**Your assignment:** Reproduce the entries word for word but drop every picture.

**Dataset:**
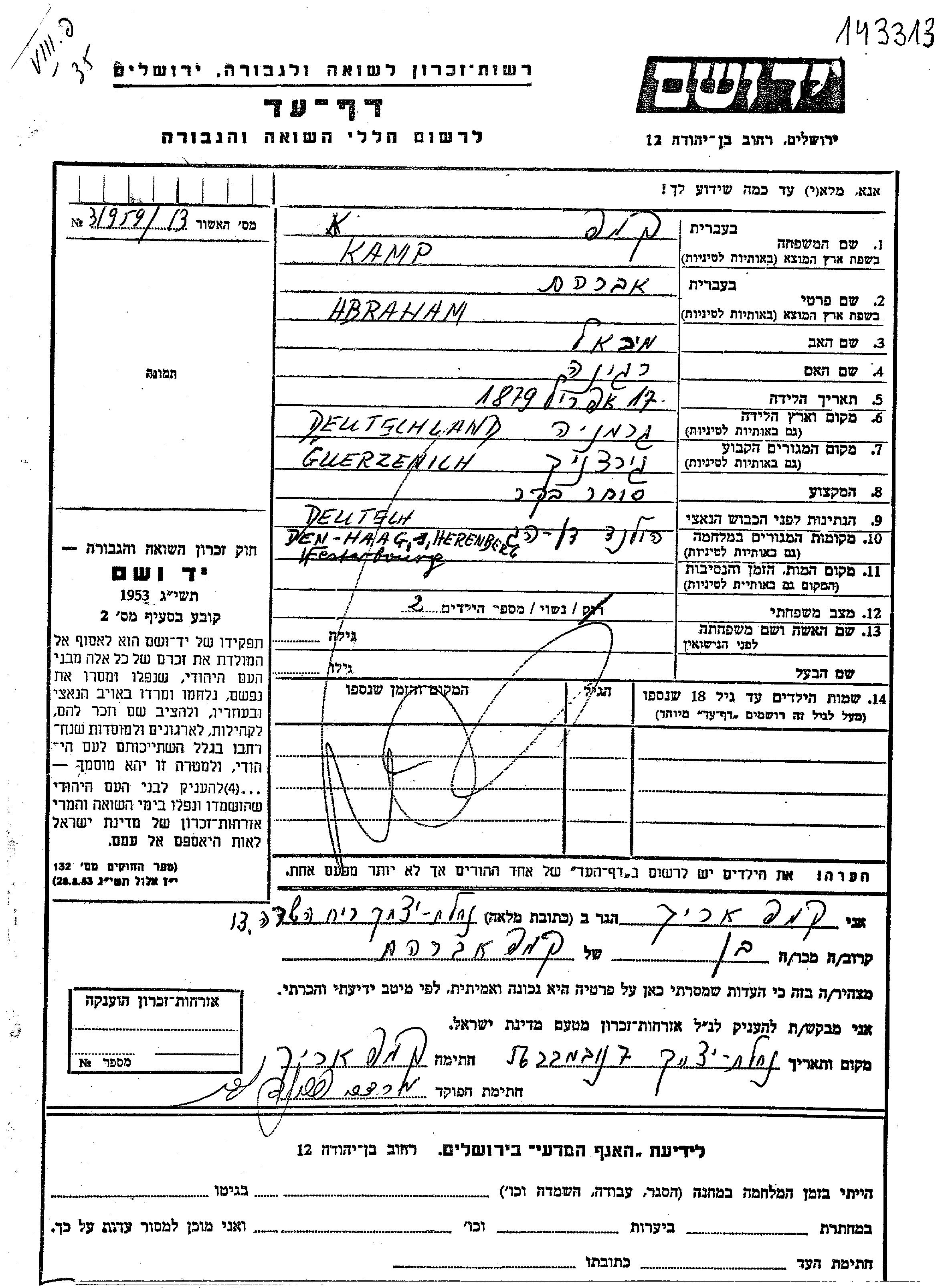 Abraham Kamp est né à Allemagne en 1879, fils de Mikhael et de Regina. Il était Négociant en bétail et Marié. Avant la seconde guerre mondiale il vivait à Guerzenich, Allemagne. Au cours de la guerre, il était à Haag, Allemagne.
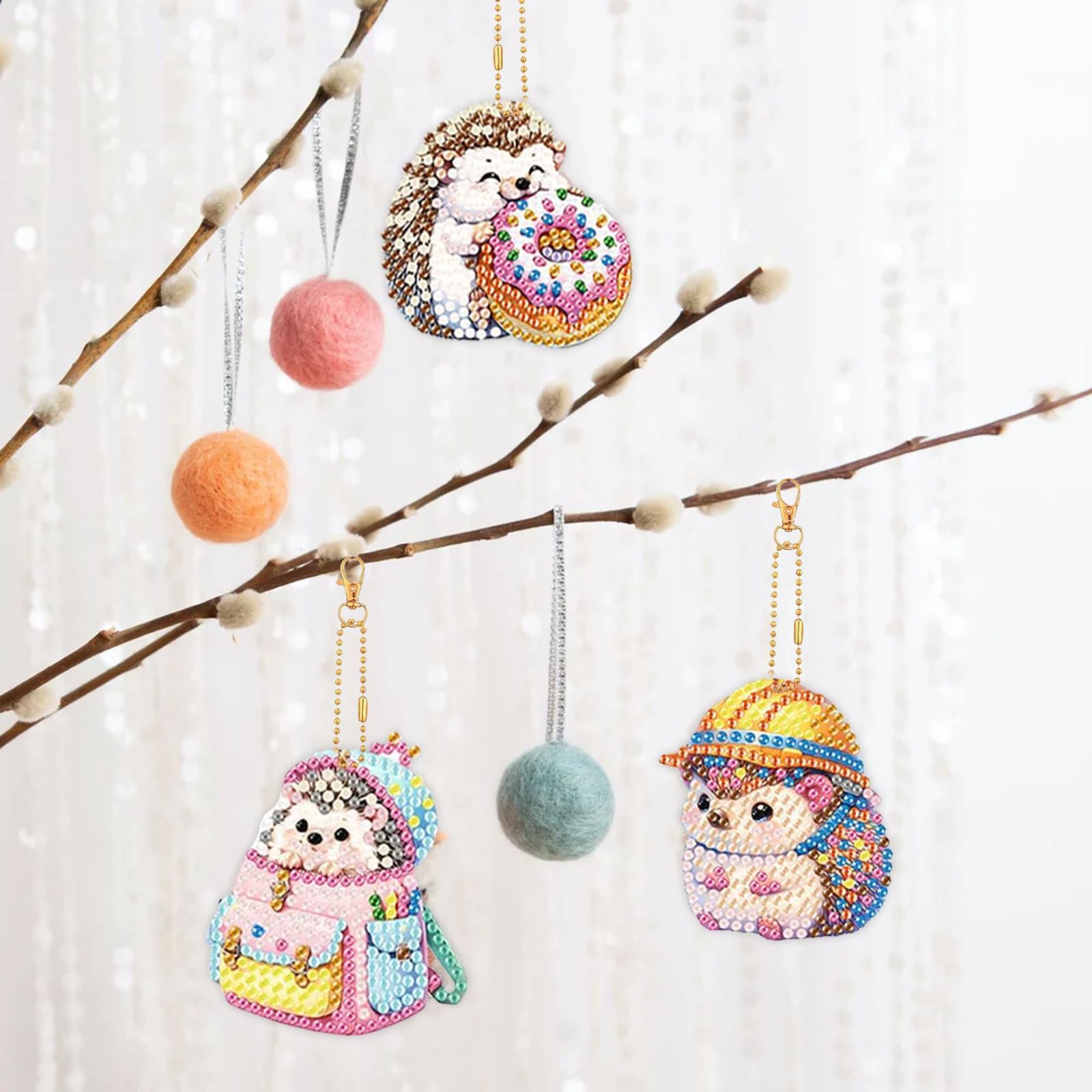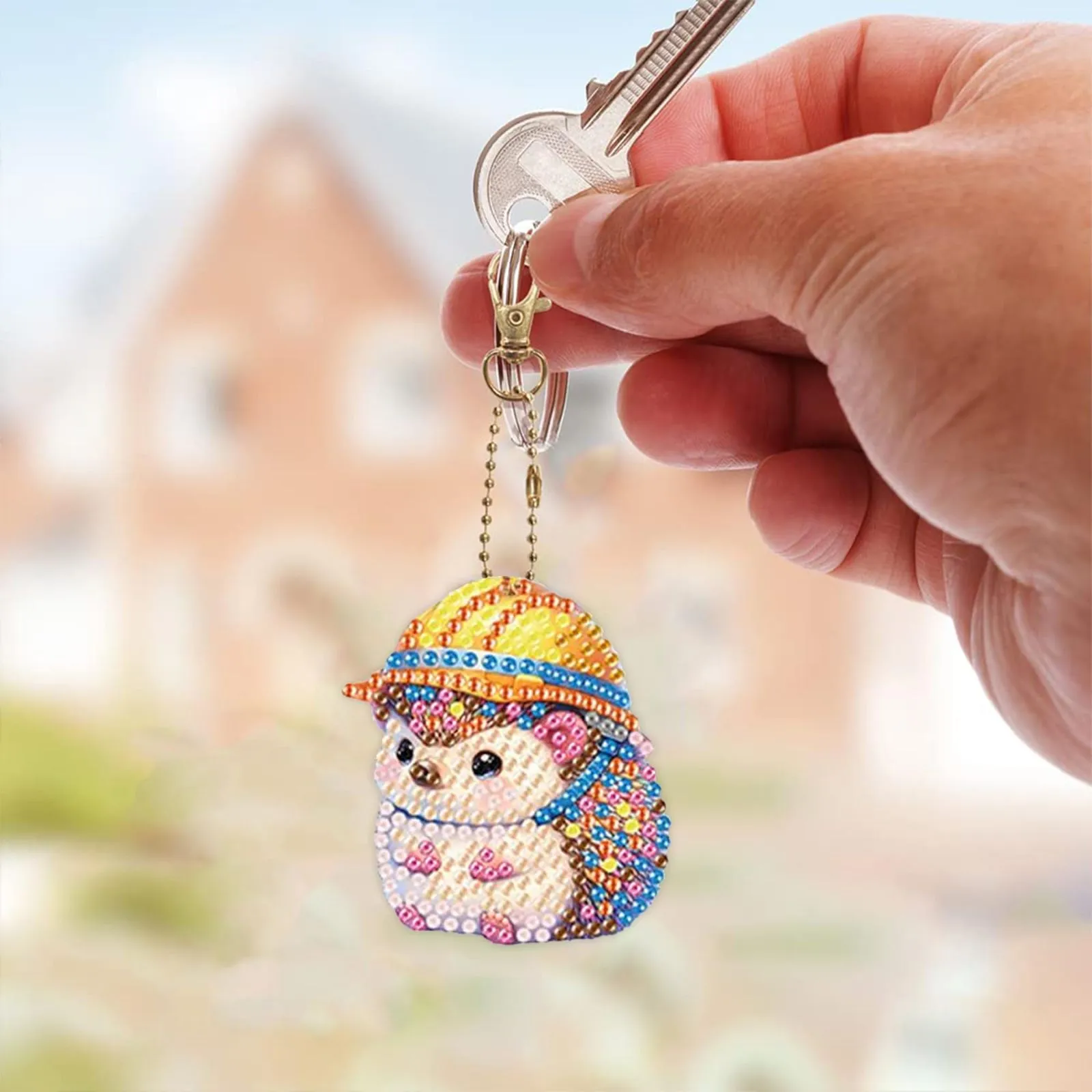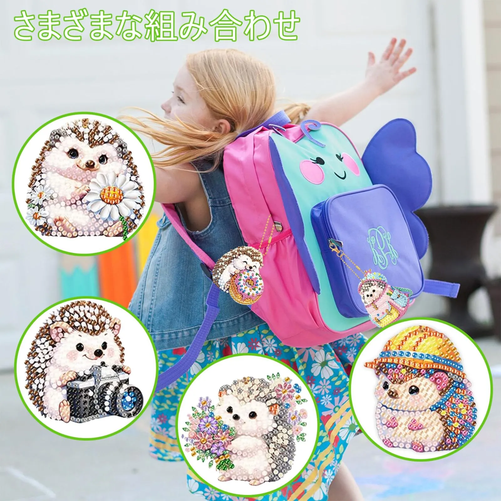 初心者OK!簡単DIYで完成できる:かわいい動物デザイン・短時間完成:ハリネズミの6種類の画像,のミニサイズキーホルダーで、1つ30分以内で完成!専用ダイヤトレイや接着剤付きで、初心者もストレスなく楽しめます
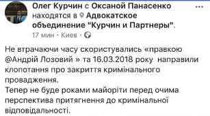 "Не тратя времени воспользовались поправкой Лозового и 16 марта направили ходатайство про закрытие криминального производства", - написал он и приложил текст ходатайства.
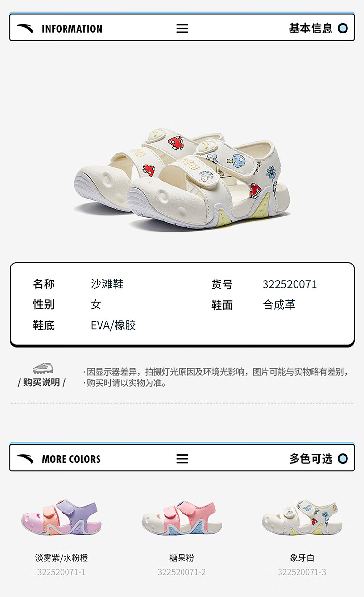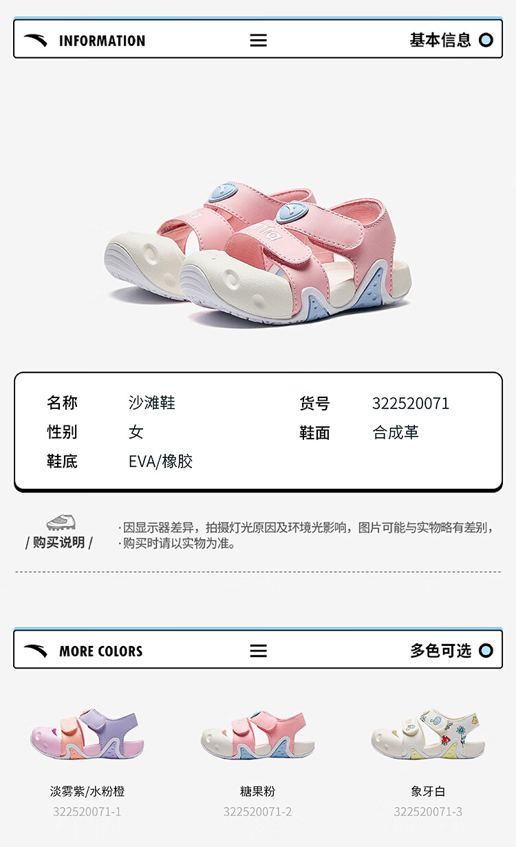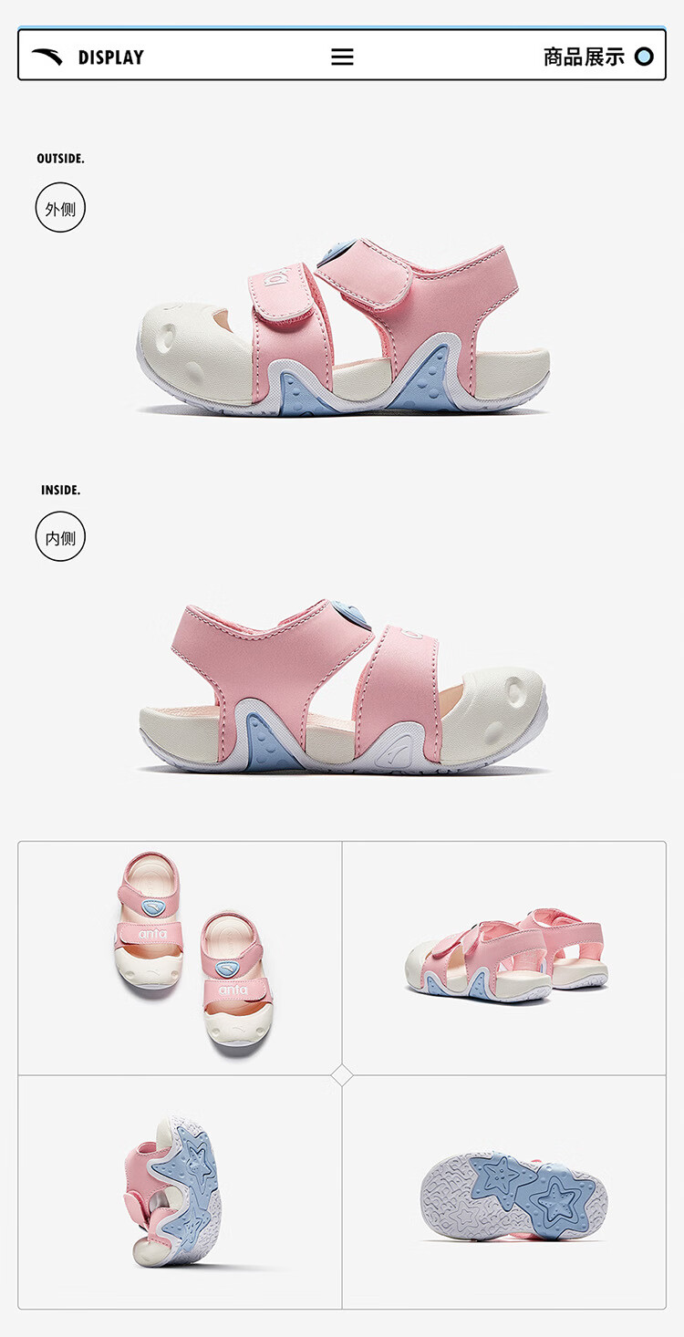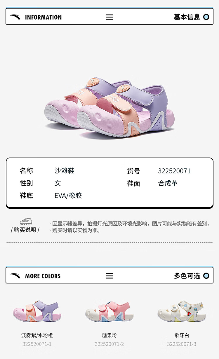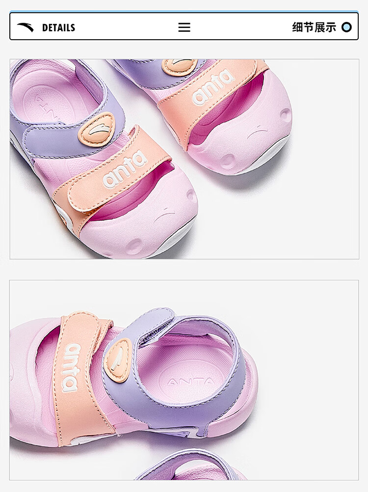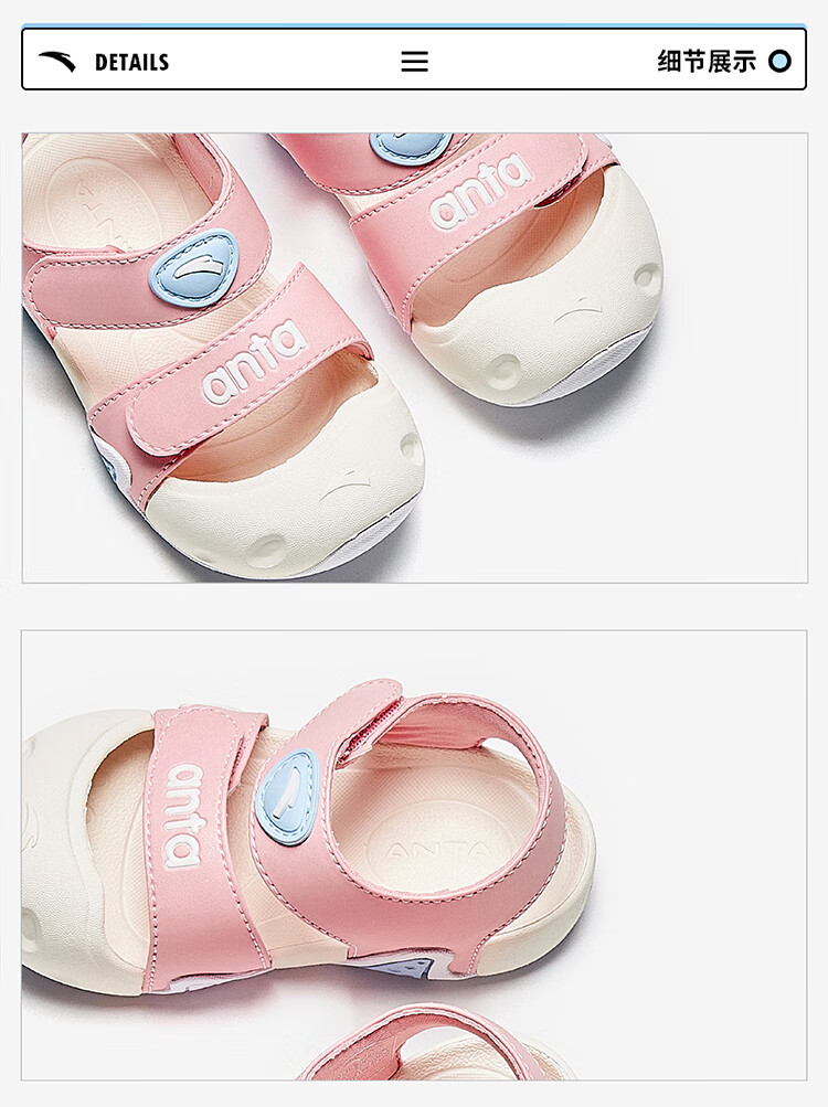 安踏儿童运动鞋女婴童犟弹科技户外系列搭扣低帮海星沙滩鞋322520071
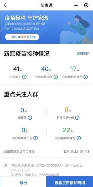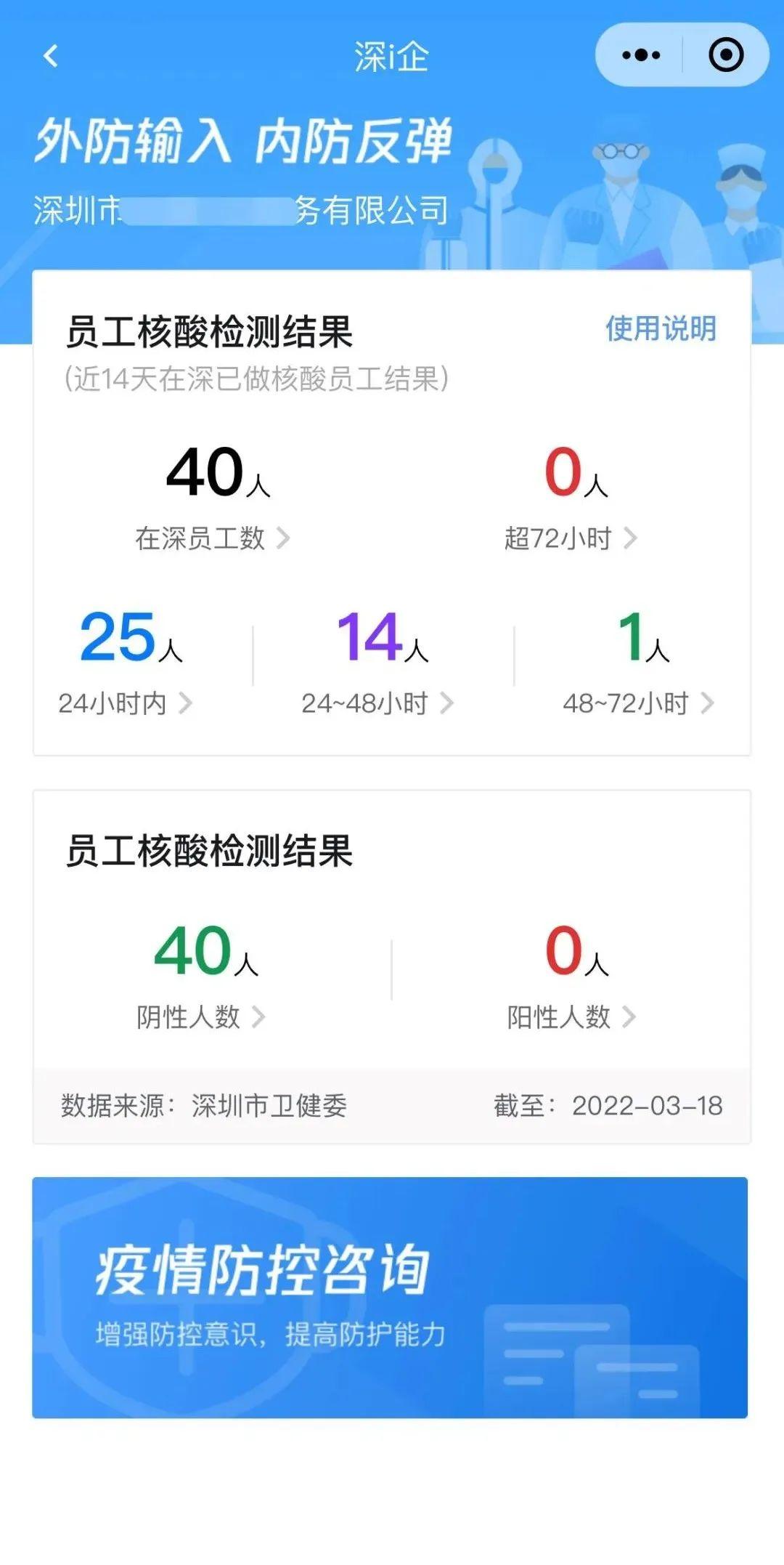 为助力企业科学抗疫、精准抗疫,在市工信局(市中小局)联合市政数局、市卫健委、市人社局的支持下,“深i企”不断升级优化“防疫通”服务,目前已上线核酸检测告警系统、核酸检测信息查询、疫苗接种信息查询等功能,无需企业投入精力开展管理工作,进入系统即可掌握本企业员工疫情防控动态信息。

**Solution:**
 Abraham Kamp est né à Allemagne en 1879, fils de Mikhael et de Regina. Il était Négociant en bétail et Marié. Avant la seconde guerre mondiale il vivait à Guerzenich, Allemagne. Au cours de la guerre, il était à Haag, Allemagne.
 初心者OK!簡単DIYで完成できる:かわいい動物デザイン・短時間完成:ハリネズミの6種類の画像,のミニサイズキーホルダーで、1つ30分以内で完成!専用ダイヤトレイや接着剤付きで、初心者もストレスなく楽しめます
 "Не тратя времени воспользовались поправкой Лозового и 16 марта направили ходатайство про закрытие криминального производства", - написал он и приложил текст ходатайства.
 安踏儿童运动鞋女婴童犟弹科技户外系列搭扣低帮海星沙滩鞋322520071
 为助力企业科学抗疫、精准抗疫,在市工信局(市中小局)联合市政数局、市卫健委、市人社局的支持下,“深i企”不断升级优化“防疫通”服务,目前已上线核酸检测告警系统、核酸检测信息查询、疫苗接种信息查询等功能,无需企业投入精力开展管理工作,进入系统即可掌握本企业员工疫情防控动态信息。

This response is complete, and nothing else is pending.